Of course pipelines of transforms can also be inverted,

RMSE( FauxSpectra1, PreprocessPipe(Processed; inverse = true) ) < 1e-14

Pipelines can also be created and executed as an 'in place' operation for large datasets. This has the advantage that your data is transformed immediately without making copies in memory. This may be useful for large datasets and memory constrained environments. WARNING: be careful to only run the pipeline call or its inverse once! It is much safer to use the not inplace function outside of a REPL/script environment.

FauxSpectra = randn(10,200);
OriginalCopy = copy(FauxSpectra);
InPlacePipe = PipelineInPlace(FauxSpectra, Center, Scale);

See without returning the data or an extra function call we have transformed it according to the pipeline as it was instantiated...

FauxSpectra == OriginalCopy
#Inplace transform the data back
InPlacePipe(FauxSpectra; inverse = true)
RMSE( OriginalCopy, FauxSpectra ) < 1e-14

Pipelines are kind of flexible. We can put nontransform (operations that cannot be inverted) preprocessing steps in them as well. In the example below the first derivative is applied to the data, this irreversibly removes a column from the data,

PreprocessPipe = Pipeline(FauxSpectra1, FirstDerivative, RangeNorm, Center);
Processed = PreprocessPipe(FauxSpectra1);
#This should be equivalent to the following...
SpectraDeriv = FirstDerivative(FauxSpectra1);
Alternative = Pipeline(SpectraDeriv , RangeNorm, Center);
Processed == Alternative(SpectraDeriv)

Great right? Well what happens if we try to do the inverse of our pipeline with an irreversible function (First Derivative) in it?

PreprocessPipe(Processed; inverse = true)

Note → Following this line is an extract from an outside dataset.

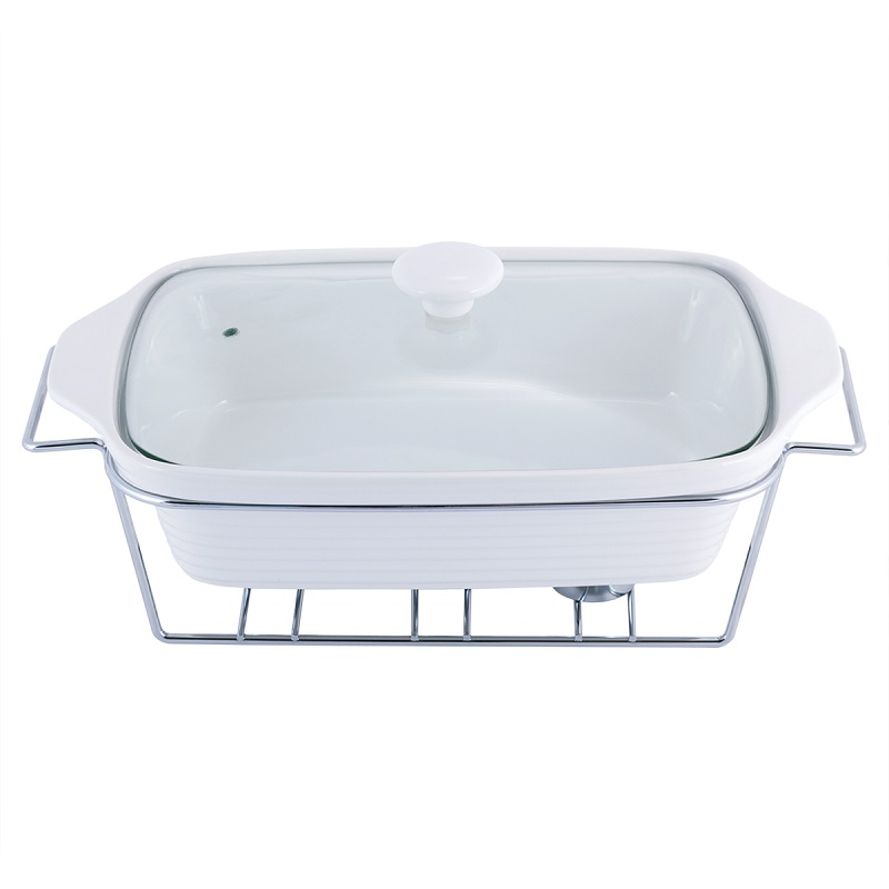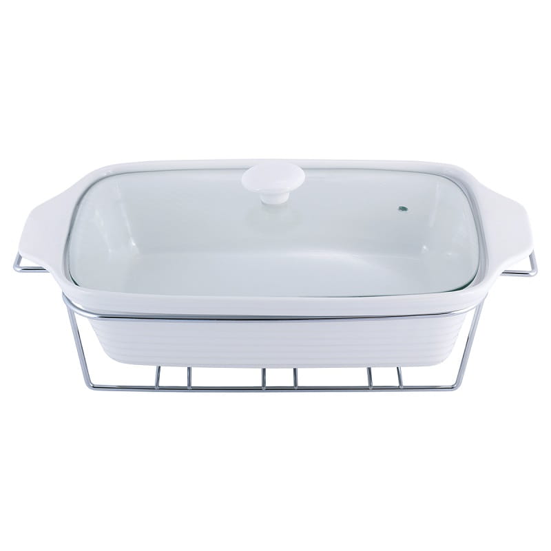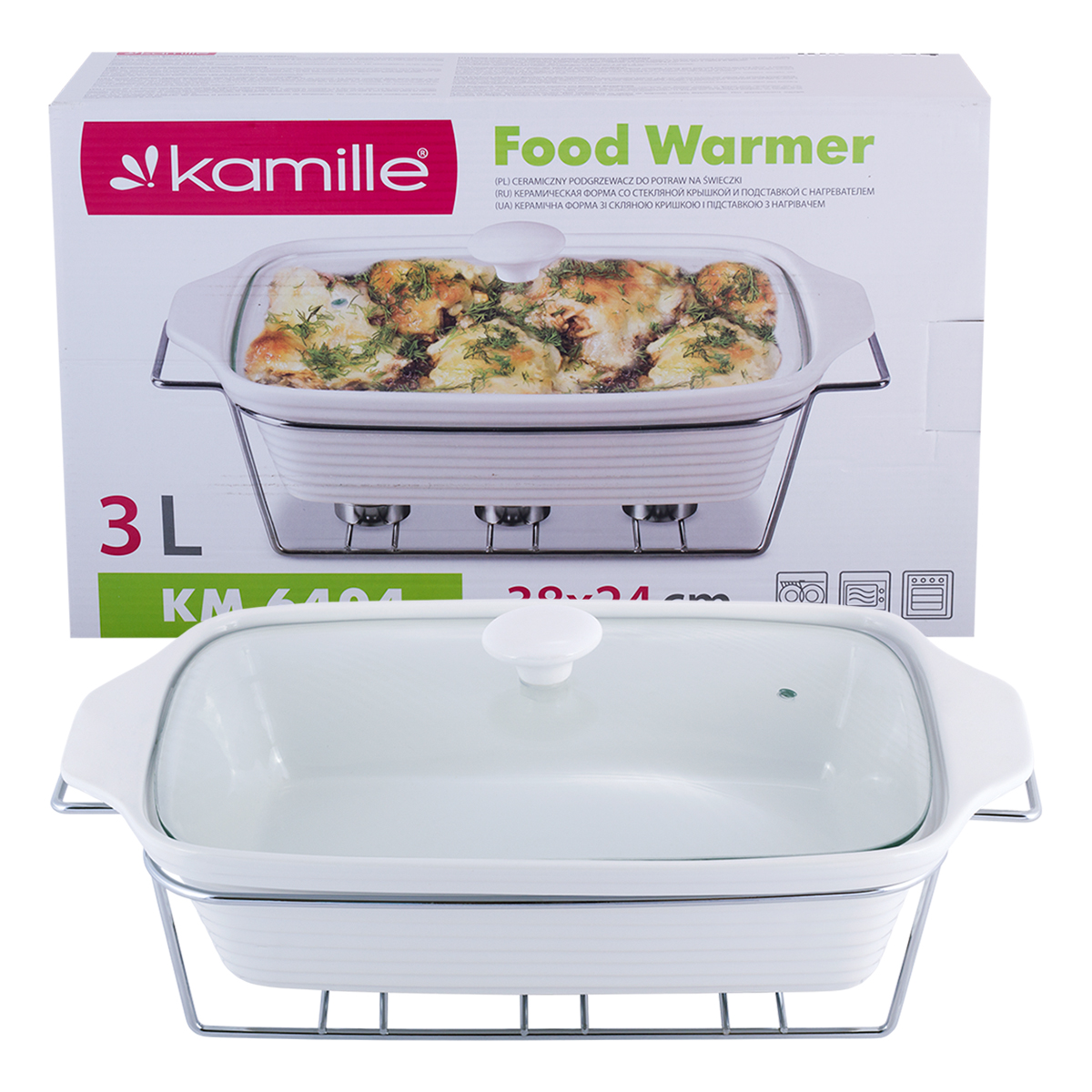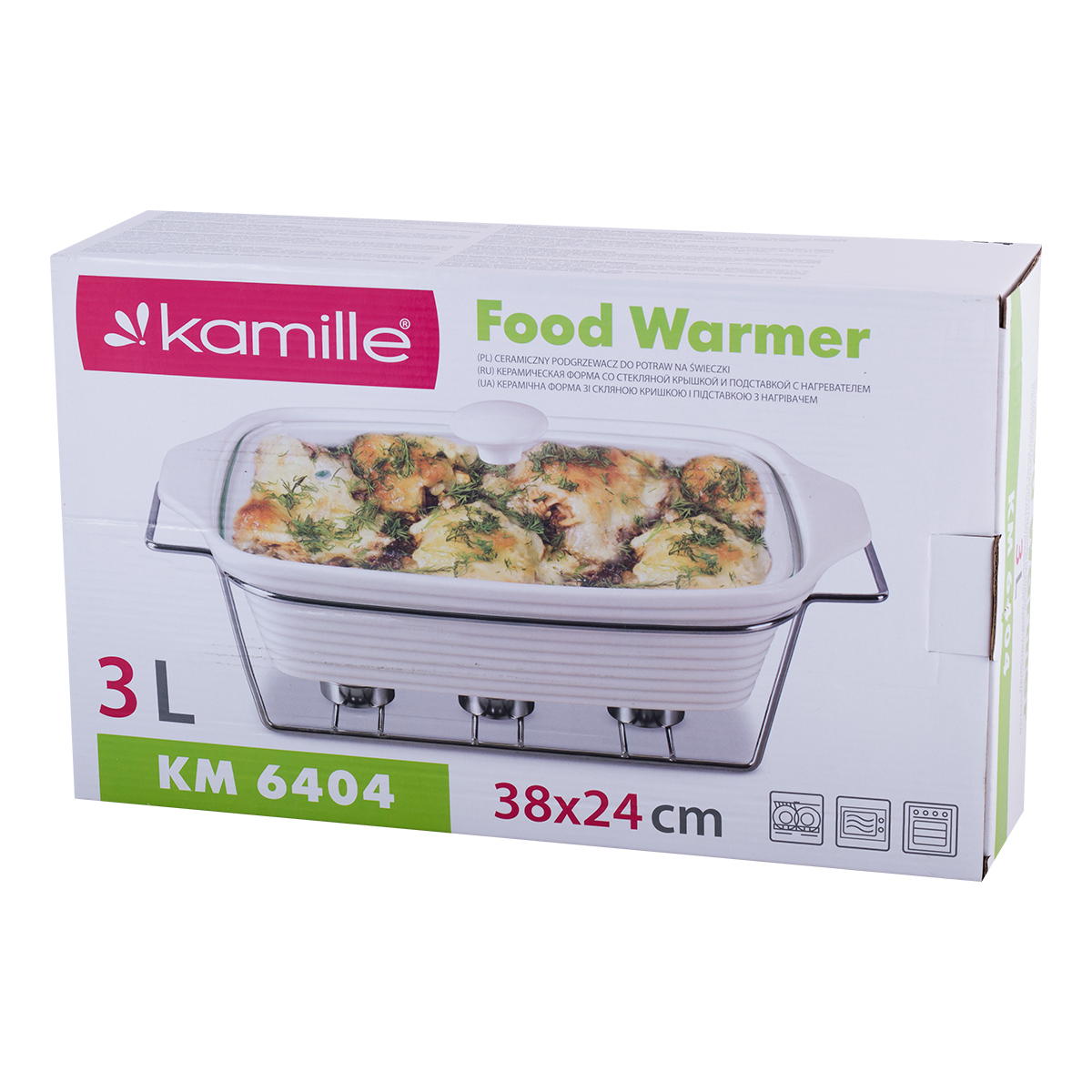 Vas termorezistent, Kamille KM-6404, ceramica cu suport pentru incalzire, capac sticla, 3L, 24x34x11 cm

Well we get an assertion error.

Automated Pipeline Example

We can take advantage of how pipelines are created; at their core they are tuples of transforms/functions. So if we can make an array of transforms and set some conditions they can be stored and applied to unseen data. A fun example of an automated transform pipeline is in the whimsical paper written by Willem Windig et. al. That paper is called 'Loopy Multiplicative Scatter Transform'. Below I'll show how we can implement that algorithm here (or anything similar) with ease. Loopy MSC: A Simple Way to Improve Multiplicative Scatter Correction. Willem Windig, Jeremy Shaver, Rasmus Bro. Applied Spectroscopy. 2008. Vol 62, issue: 10, 1153-1159

First let's look at the classic Diesel data before applying Loopy MSC rawspectra

Alright, there is scatter, let's go for it,

RealSpectra = convert(Array, CSV.read("/diesel_spectra.csv"));
Current = RealSpectra;
Last = zeros(size(Current));
TransformArray = [];
while RMSE(Last, Current) > 1e-5
    if any(isnan.(Current))
        break
    else
        push!(TransformArray, MultiplicativeScatterCorrection( Current ) )
        Last = Current
        Current = TransformArray[end](Last)
    end
end
#Now we can make a pipeline object from the array of stored transforms
LoopyPipe = Pipeline( Tuple( TransformArray ) );

For a sanity check we can ensure the output of the algorithm is the same as the new pipeline so it can be applied to new data.

Current == LoopyPipe(RealSpectra)

Looks like our automation driven pipeline is equivalent to the loop it took to make it. More importantly did we remove scatter after 3 automated iterations of MSC? loopymsc

Yes, yes we did. Pretty easy right?